BEGIN MATERIAL FOR THIS EXERCISE
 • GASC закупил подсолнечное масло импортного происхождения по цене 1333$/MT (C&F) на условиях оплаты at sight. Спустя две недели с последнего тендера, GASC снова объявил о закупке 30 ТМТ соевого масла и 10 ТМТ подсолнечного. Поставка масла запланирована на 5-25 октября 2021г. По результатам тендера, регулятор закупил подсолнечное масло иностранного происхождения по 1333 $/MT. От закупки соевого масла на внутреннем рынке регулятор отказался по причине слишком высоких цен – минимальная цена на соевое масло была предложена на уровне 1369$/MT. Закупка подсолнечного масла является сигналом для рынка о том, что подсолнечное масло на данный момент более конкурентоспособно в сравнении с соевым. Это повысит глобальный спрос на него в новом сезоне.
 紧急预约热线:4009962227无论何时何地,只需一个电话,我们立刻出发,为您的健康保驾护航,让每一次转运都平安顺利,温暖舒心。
END MATERIAL FOR THIS EXERCISE
BEGIN MATERIAL FOR THIS EXERCISE
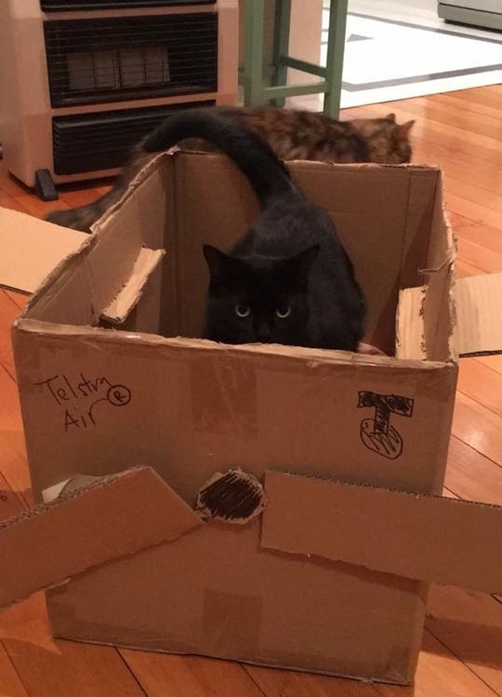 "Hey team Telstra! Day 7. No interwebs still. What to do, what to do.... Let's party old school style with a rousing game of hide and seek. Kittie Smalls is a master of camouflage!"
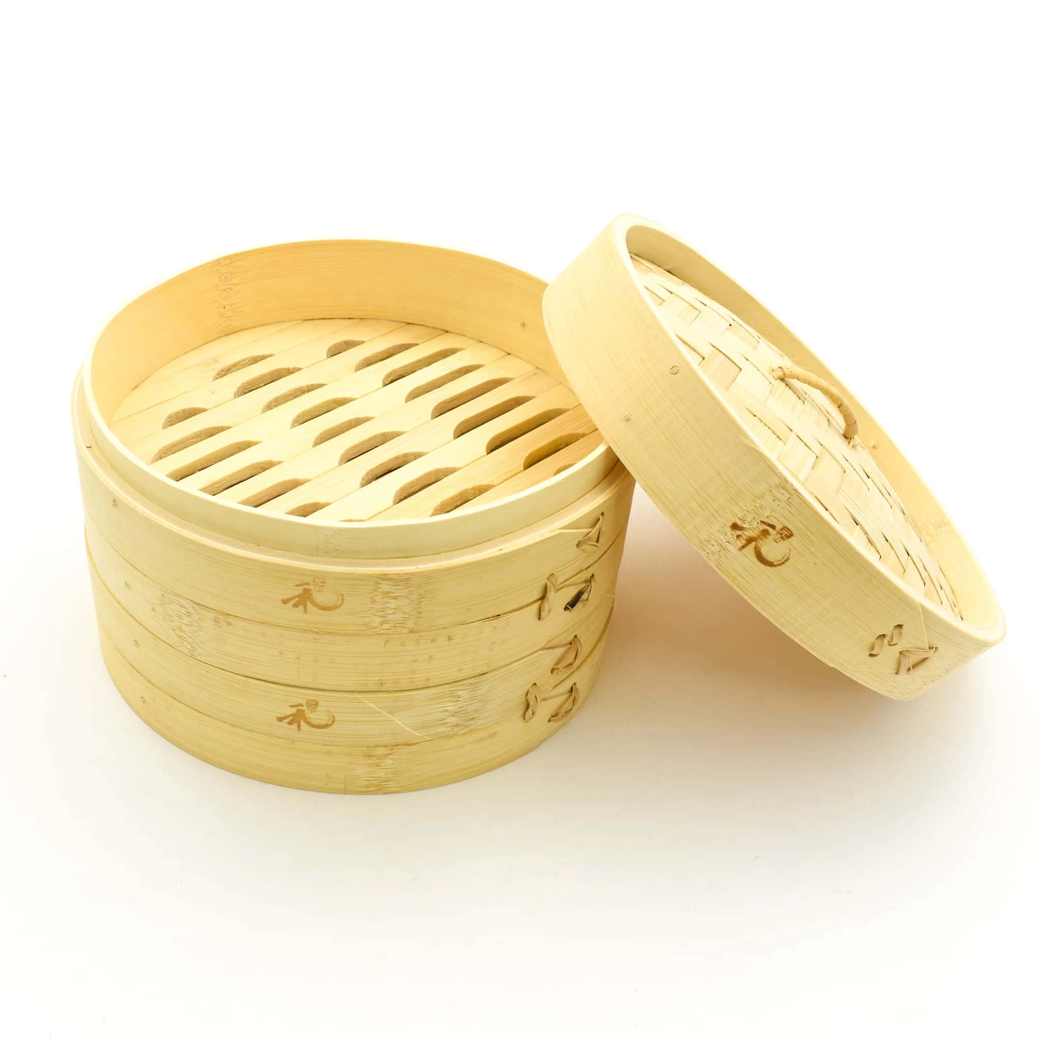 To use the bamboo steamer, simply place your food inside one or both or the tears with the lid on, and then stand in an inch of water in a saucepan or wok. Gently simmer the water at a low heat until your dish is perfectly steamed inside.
END MATERIAL FOR THIS EXERCISE
BEGIN MATERIAL FOR THIS EXERCISE
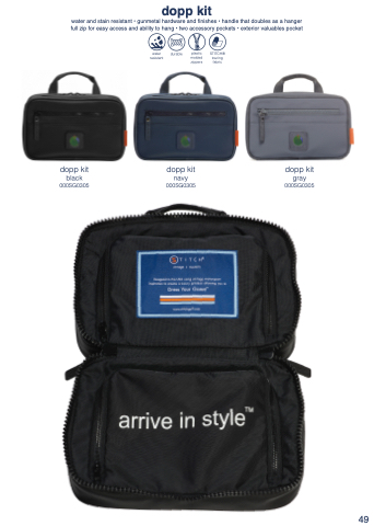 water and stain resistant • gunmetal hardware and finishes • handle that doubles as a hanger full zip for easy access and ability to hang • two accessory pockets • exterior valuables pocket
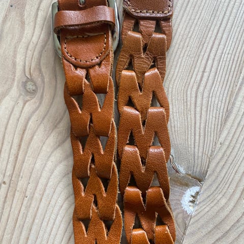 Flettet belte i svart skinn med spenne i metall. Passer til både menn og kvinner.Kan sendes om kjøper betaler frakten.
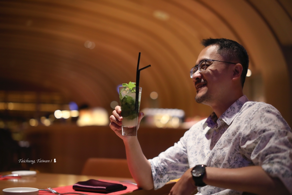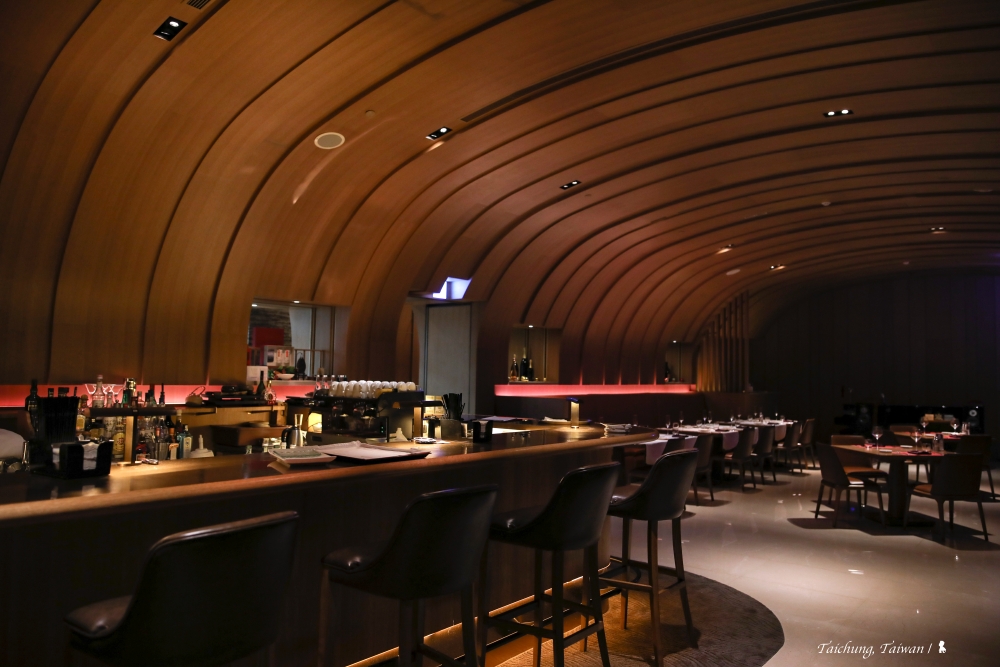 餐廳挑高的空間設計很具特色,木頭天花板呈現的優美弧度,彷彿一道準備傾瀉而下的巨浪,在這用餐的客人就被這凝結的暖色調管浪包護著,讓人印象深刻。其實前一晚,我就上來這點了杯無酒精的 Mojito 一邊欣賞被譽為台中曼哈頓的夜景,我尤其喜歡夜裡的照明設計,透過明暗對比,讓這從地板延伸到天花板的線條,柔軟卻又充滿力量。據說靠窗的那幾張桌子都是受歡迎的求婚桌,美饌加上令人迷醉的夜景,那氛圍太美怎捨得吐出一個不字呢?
END MATERIAL FOR THIS EXERCISE
YOUR GOAL: Within the listing above, locate the line containing "в новом сезоне." and the line containing "紧急预约热线:4009962". Reproduce those two lines and all lines between them exactly, with nothing added.

RESULT:
 • GASC закупил подсолнечное масло импортного происхождения по цене 1333$/MT (C&F) на условиях оплаты at sight. Спустя две недели с последнего тендера, GASC снова объявил о закупке 30 ТМТ соевого масла и 10 ТМТ подсолнечного. Поставка масла запланирована на 5-25 октября 2021г. По результатам тендера, регулятор закупил подсолнечное масло иностранного происхождения по 1333 $/MT. От закупки соевого масла на внутреннем рынке регулятор отказался по причине слишком высоких цен – минимальная цена на соевое масло была предложена на уровне 1369$/MT. Закупка подсолнечного масла является сигналом для рынка о том, что подсолнечное масло на данный момент более конкурентоспособно в сравнении с соевым. Это повысит глобальный спрос на него в новом сезоне.
 紧急预约热线:4009962227无论何时何地,只需一个电话,我们立刻出发,为您的健康保驾护航,让每一次转运都平安顺利,温暖舒心。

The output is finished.